Terlebih-lebih Kinta. Gadis itu langsung duduk di teras homestay dan menatap jauh ke arah jalan setapak menuju Gunung Semeru, jalan yang semalam mereka lewati, tak peduli suhu dingin yang menggigit. Wajahnya lesu sejak kemarin. Beberapa saat kemudian, Raka, Rome, Alvin, dan Dean pun menghampirinya, duduk di sekitarnya juga.

"Ck, Vigo ... Sherlyn ... sebenernya lo berdua ke mana sih?" Raka bergumam pelan. Yang lain hanya diam.

"Gue takut," ucap Kinta tiba-tiba, dengan suara yang parau dan amat pelan. Ia terus mengatakan itu sejak kemarin.

"Kita semua takut, khawatir mereka kenapa-napa," timpal Dean. Yang lainnya mengangguk setuju.

"Mana gue belom minta maaf sama si Vigo lagi soal kejadian ToD itu," celetuk Alvin. Tidak biasanya ia sediam dan sekalem ini.

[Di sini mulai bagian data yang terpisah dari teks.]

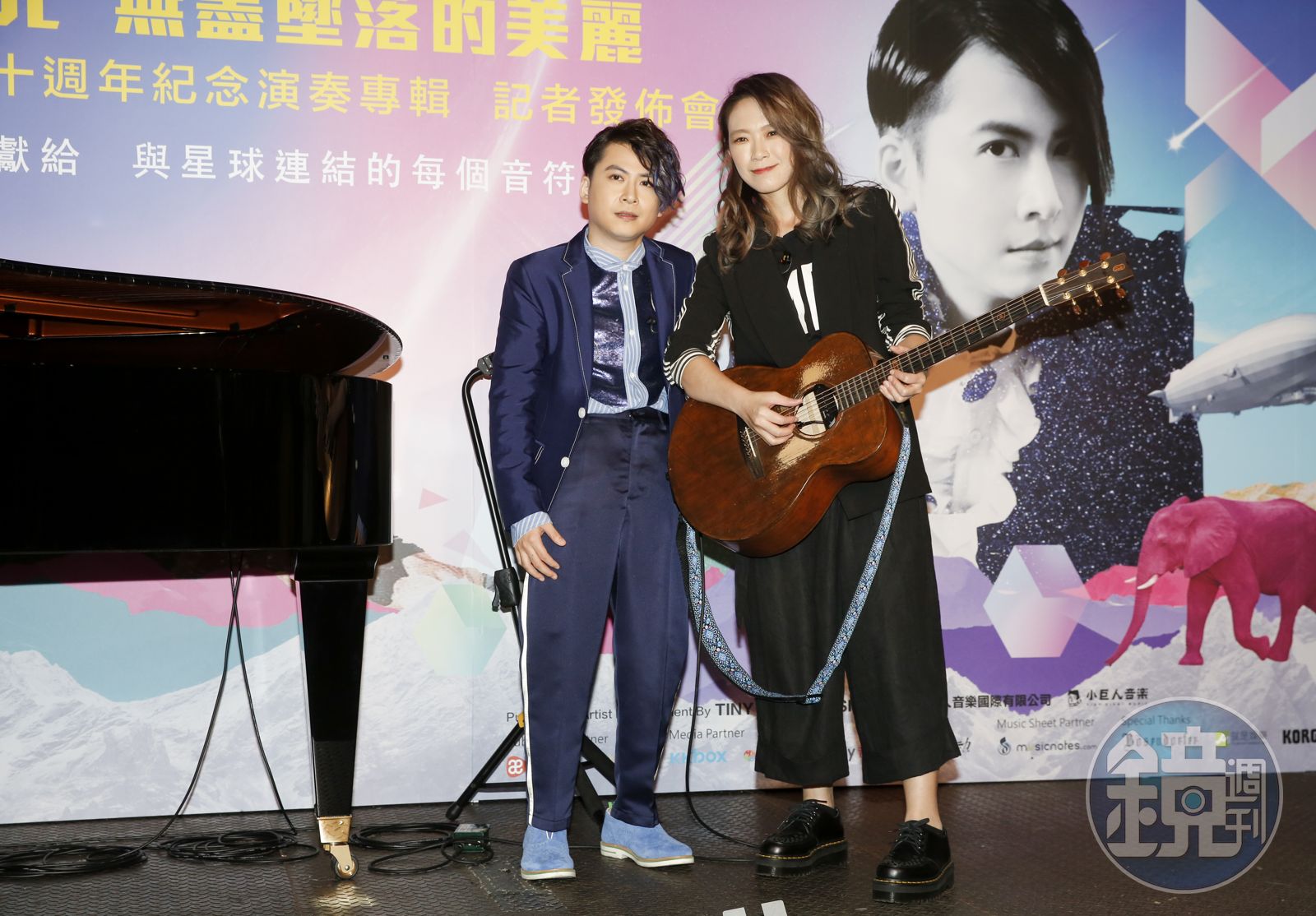 而另一位來站台的張芸京送上地球儀及親手製作的LOGO的棋子,希望V.K克帶著滿滿的經歷走遍全球,2人現場還用吉他、鋼琴合奏名曲〈琴之翼〉,張芸京更特別加碼演唱〈手掌心〉,給足好友面子,V.K克透露初見張芸京時覺得她「仙氣脫俗」,熟識後常出席V.K克演奏會捧場,這次也是一口答應現身記者會站台非常有情有義。

Beberapa saat kemudian, hening pun kembali menyapa. Tidak ada lagi diantara mereka yang berbicara.

********************

Sherlyn meringis pelan merasakan pegal di sekujur tubuhnya. Perlahan, ia membuka kedua matanya. Sinar matahari pagi menyilaukan pandangannya. Oh, dia masih berada di hutan ini ternyata. Ia sempat berharap semua yang terjadi ini hanyalah mimpi, sehingga saat ia bangun dari tidurnya, ia sudah berada di atas ranjang kesayangannya, dan bukan di sini.

Namun ternyata kenyataan berbuat jahat padanya.

Sherlyn memegang lehernya yang pegal. Bahkan tidak hanya leher, namun sekujur tubuhnya. Bagaimana tidak? Ia tidur dalam posisi duduk semalaman. Sherlyn menoleh ke sebelah kanannya. Kepala Vigo masih betah bersender di pundaknya, namun lelaki itu tidak lagi memeluknya. Kedua matanya masih terpejam. Ah, Vigo selalu bangun terlambat.

Sherlyn terdiam. Ia tidak ingin mengganggu Vigo. Ia teringat apa yang telah terjadi kemarin, membuat wajahnya bersemu merah. Bagaimana bisa? Seharusnya Sherlyn tidak meladeni Vigo. Gara-gara hipotermianya yang kambuh tiba-tiba, Sherlyn jadi harus tetap dekat dan memperhatikannya. Ia hanya khawatir dengan lelaki itu. Dan jujur, Sherlyn amat sangat takut kemarin. Ia tidak ingin kehilangan Vigo.

Oke, mungkin ini terdengar jahat. Sherlyn 'jatuh' kembali ke Vigo di saat ia masih memiliki hubungan dengan Devon.

Mengingat Devon membuatnya meringis. Apa Devon tahu soal berita hilangnya Sherlyn dan Vigo? Jika Devon tahu mereka menghilang secara bersamaan di Gunung Semeru ini....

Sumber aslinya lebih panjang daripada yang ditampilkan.